Ele se vira e olha para minha cozinha nua, sem nada em cima do balcão, apenas um forno de microondas, em seguida, caminha até o pequeno corredor para o banheiro e quarto.
— Você paga para viver aqui?
— O quê? Sim!
— Nunca se sabe. Pessoas ficam em lugares que eles não têm direito.
— Eu não posso acreditar que você acabou de me acusar de ser uma intrusa. Será que um posseiro a manteria assim limpa? Será que um posseiro tem uma chave do apartamento?
— Peço desculpas — diz ele, enquanto caminha de volta para mim.
Seus olhos estão me olhando ao longo da cabeça aos pés. Fome surge neles. Eu acho que ele se esqueceu de minha situação de vida quando se lembrou de que estava prestes a transar.
Suas mãos encontram meus quadris, e agora eu esqueci sobre tudo, mas o quanto eu quero seus lábios nos meus.
— Ashlyn ...
— Sim?
— Você quer saber o meu nome? — Não, realmente não. Eu não preciso de uma razão para apegar-se a um nome e iniciar isso. Embora, se eu disser isso ele definitivamente vai juntar as coisas.
— Certo. Eu deveria saber qual nome chamar durante o sexo.
Ele ri.
— Rowe.
— Seu nome é Rowe?
— Sim, é um nome de família. — Nome estranho, mas tanto faz.
Então, novamente, Hope não é exatamente um nome incrível, mas nunca vou revelar o meu verdadeiro eu para ele.
Eu levanto a camisa para encontrar osso duro e seu plano abdomem. Tatuagens cobrem seu peito e eu quero lamber cada polegada dele.
— Menos conversa, mais stripping — Eu ordeno.
— Mulher que gosta de ir ao que interessa. Eu gosto disso.
Estendendo a mão, eu aperto os lábios fechados. Eu não quero conhecê-lo. Eu não quero gostar de sua personalidade ou o timbre profundo de sua voz. E certamente não quero um amigo. Ele não é do tipo que posso roubar. Ele é muito observador. Além disso, ele está me vendo por quem realmente sou. Sem cabelo falso ou maquiagem cobrindo minhas tatuagens. Sem falso nariz ou queixo. Hoje à noite saí como eu. Apenas Hope.

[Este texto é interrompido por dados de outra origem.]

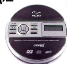
Vuzix Screenless Portable DVD Player

Vuzix ポータブルDVDプレイヤーはすべてのビデオアイウェア・Wrapシリーズでみるために理想的につくられています。内蔵モニターを装備しないことで軽量化を実現し、録画した地デジ番組をみるためのCPRMにも対応しています。モバイル環境において、DVDをみるには欠かせないものになります。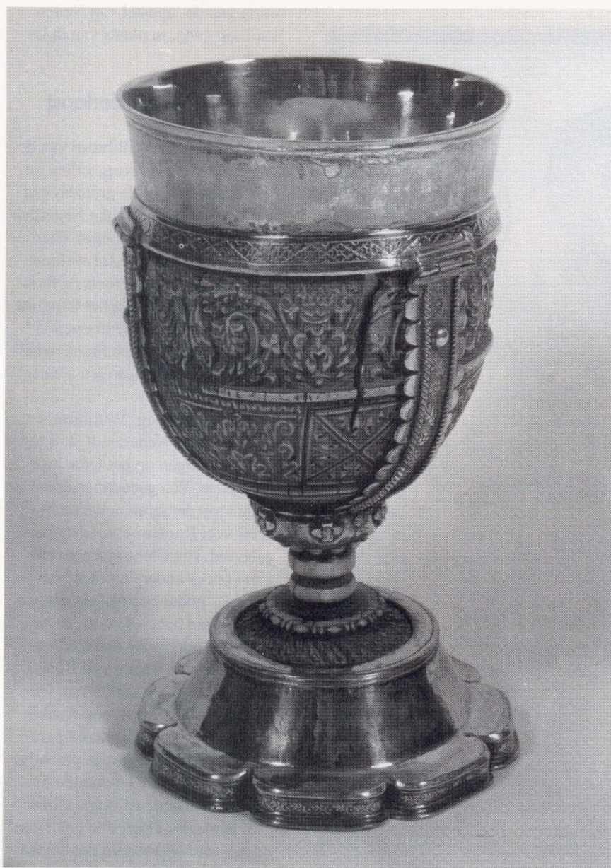
Lebuinuskelk, ca. 800. Ivoeren kelk met acanthus-motief dat teruggaat op een Romeins voorbeeld, gevat in deels verguld zilver.

met een gravure van het Lam en een kalkstenen beeldje met daarop een tronende Christus. Van deze laatste twee is het trouwens de vraag of ze in Friesland zelf vervaardigd zijn.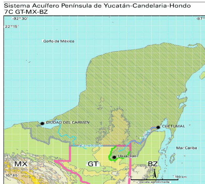
Figura 4. Acuífero transfronterizo, península de Yucatán, Candelaria Hondo, Belice, México y Guatemala.

Se asienta en una región de relieve plano con gran capacidad de infiltración, que conforma un acuífero cárstico de alta permeabilidad y altamente vulnerable a la contaminación antropogénica. Sin embargo, la abundante recarga y rápida circulación del agua propician la disolución y el transporte de los contaminantes, especialmente durante las lluvias torrenciales asociadas con los huracanes y las tormentas tropicales. Constituye la principal fuente de abastecimiento para la población rural. El conocimiento hidrogeológico es limitado debido al escaso desarrollo local en las porciones beliceña y guatemalteca (Figura 4).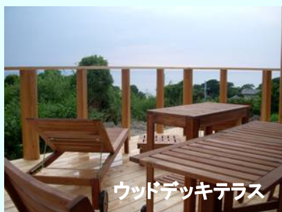
ウッドデッキテラス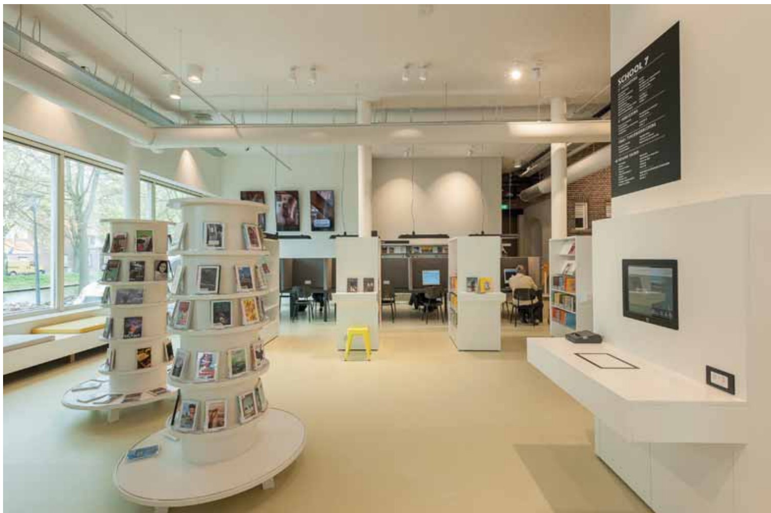
FOTO BOVEN Het interieur is overal ruimtelijk en open gehouden.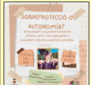
"Sobreprotecció o autonomia" a càrrec d'Ingrid Colom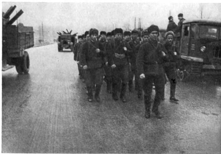
На защиту Москвы уходят бойцы рабочего отряда Москворецкого района. Ноябрь 1941 г.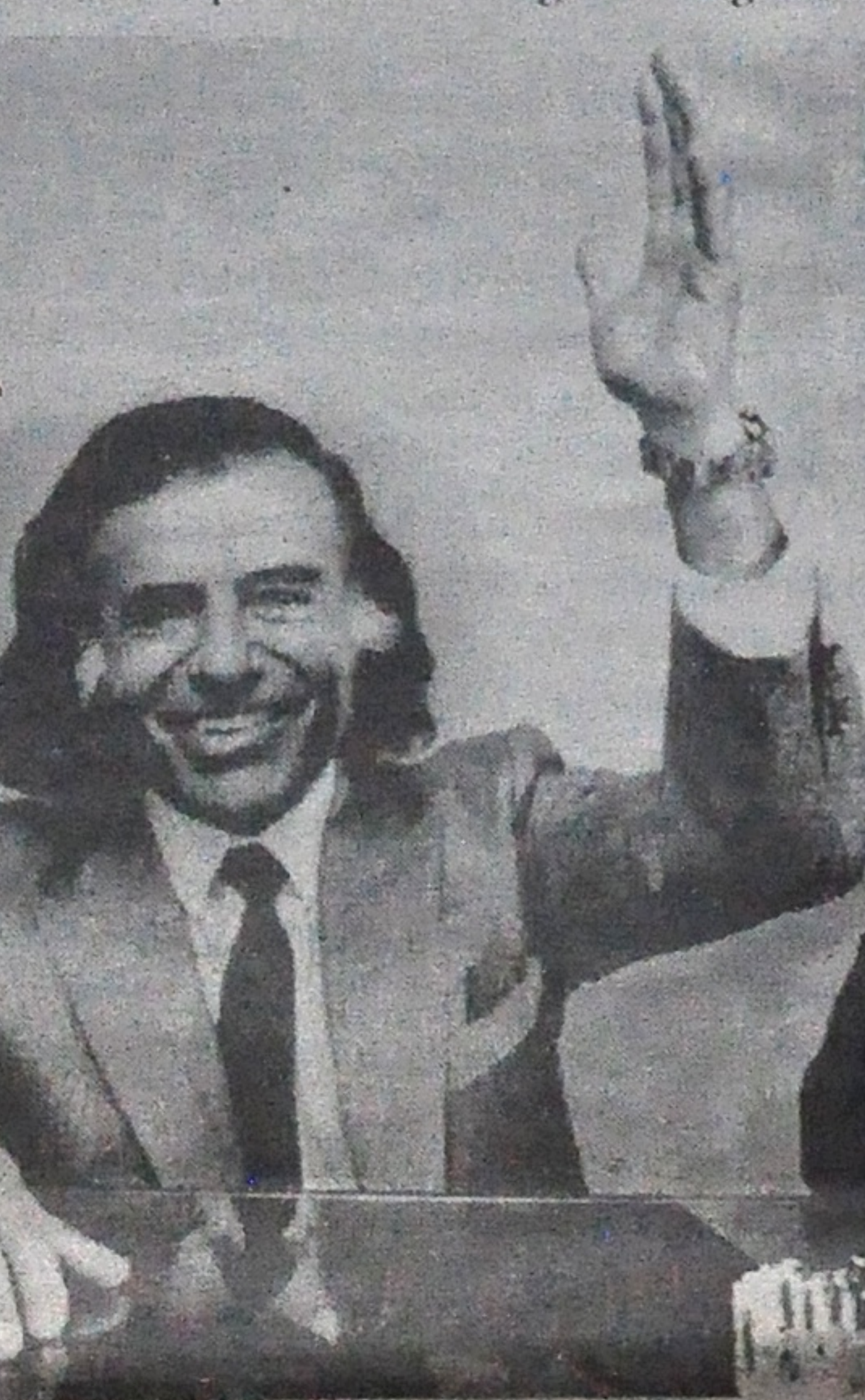
El senador Antonio Cafiero ha señalado reiteradamente que él acompañó al presidente Menem con el mejor ánimo, tanto desde su embajada en Chile como desde la Cámara Alta.

Espera, por que um bad boy deu a mínima para o tipo de apartamento que vivo? Ele deveria ter tirado minhas roupas e pressionado minhas costas contra a parede com minhas pernas ao redor de sua cintura.
Os lábios de Rowe pressionam o local logo abaixo da minha orelha, e os meus pensamentos se dissolvem no nada. Tudo o que posso fazer agora é sentir. Sua língua toca o meu ombro enquanto sua mão puxa minha camisa para baixo para que ele possa beijar ao longo da minha pele. Meus dedos fazem o trabalho rápido na frente da calça jeans, e em nossa próxima respiração, minha mão está envolvida em torno de
seu pau. Ele geme baixo, fazendo-me querer tira-lo e cair de joelhos diante dele.
Eu não consigo me mexer. Não quando ele levanta minha camisa sobre minha cabeça e puxa meu sutiã para chupar meu mamilo em sua boca. Não quando a outra mão encontra o meu clitóris e me faz gritar. Não, não há mais pensamentos. Somente sexo com o homem delicioso diante de mim.